What's particularly striking is how closely this attack mirrors a previous ScarCruft operation from 2022 that exploited a different Internet Explorer vulnerability. The new version adds just three lines of code—a surgical modification designed to bypass Microsoft's earlier security patches. This suggests a group that studies its own past successes and refines them incrementally, rather than starting from scratch. The campaign was uncovered through a joint investigation by South Korea's National Cyber Security Center and AhnLab, a major cybersecurity firm. Their analysis revealed the full scope of the operation and the mechanics of how a simple pop-up ad became a vector for mass surveillance.
The implications extend beyond the immediate victims. Internet Explorer may be officially dead, but its ghost haunts millions of machines. Organizations and individuals who haven't fully migrated away from legacy systems, or who rely on older software that still uses Internet Explorer components, remain exposed. ScarCruft's willingness to invest in finding and exploiting these vulnerabilities suggests that state-sponsored actors see them as reliable attack surfaces—low-hanging fruit that still yields access to valuable targets. For South Korean citizens, activists, and officials, the threat is immediate and ongoing. For everyone else, it's a reminder that deprecated software doesn't simply disappear; it lingers in the background of modern systems, waiting to be weaponized.
Citas Notables
The vulnerability exists in Internet Explorer's JScript9.dll file, part of its Chakra engine, and allows remote code execution if exploited— South Korea's National Cyber Security Center and AhnLab analysis
La Conversación del Hearth Otra perspectiva de la historia
Why would North Korean hackers focus on South Korea specifically? Isn't that obvious?
It's not just geography. They're targeting a specific ecosystem—human rights activists who fled the North, defectors, political organizations. These are people with information about regime vulnerabilities. South Korea is also technologically sophisticated, which means the data is valuable and the targets are worth the effort.

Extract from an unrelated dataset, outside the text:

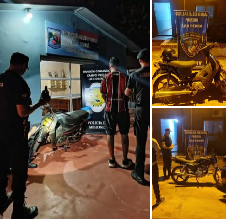 La Policía de Misiones recuperó dos motocicletas denunciadas como robadas en la ciudad de San Pedro y, en un procedimiento realizado en Campo Viera, detuvo a un joven por maniobras peligrosas y ruidos molestos en la vía pública.

But why use toast notifications? Why not just send a phishing email like everyone else?
Because toast ads are trusted. They come from software you already use. You see them constantly, so your brain stops registering them as unusual. A phishing email sits in your inbox where you might scrutinize it. A toast notification pops up and disappears. It's ambient.
The malware takes screenshots every three minutes. That's constant surveillance.

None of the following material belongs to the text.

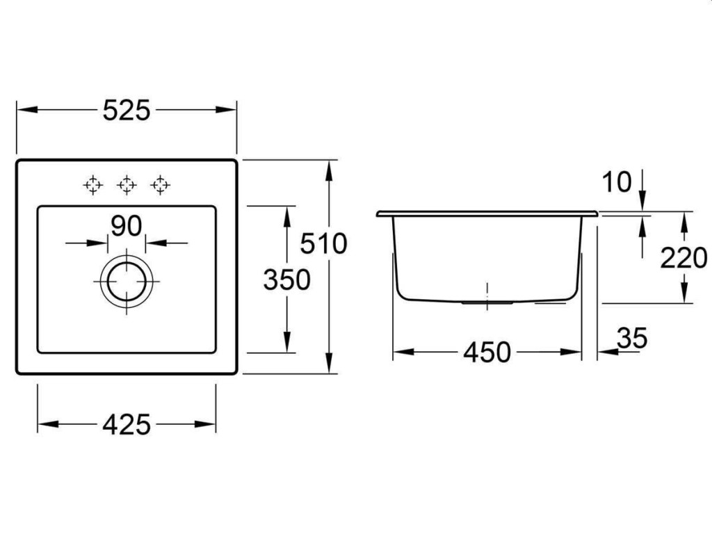 - rozměry dřezu: 525 x 510 mm

Relentless. It's not looking for one piece of information. It's building a complete picture of what you do, who you communicate with, what documents you access. Over weeks and months, that becomes a full dossier.

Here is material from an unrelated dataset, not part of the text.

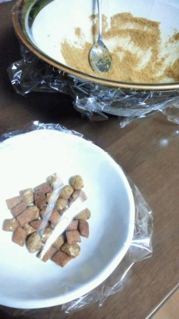 その方は、ドライフードの中央に穴を掘って、その中に薬をつめて炊いてある米や玄米で薬ごと穴を埋めるという方法でした。

Internet Explorer has been officially retired for two years. How is it still a viable attack vector?
Because retirement isn't the same as removal. The code is still embedded in Windows. Third-party software still uses its components. Microsoft can't just delete it without breaking thousands of applications. So the vulnerability persists, and attackers know it.
The malware only adds three lines of code to bypass previous patches. That seems almost lazy.
It's the opposite of lazy. It's precise. They studied their own 2022 attack, understood exactly what Microsoft patched, and made the minimal change needed to slip through again. That's not desperation—that's confidence.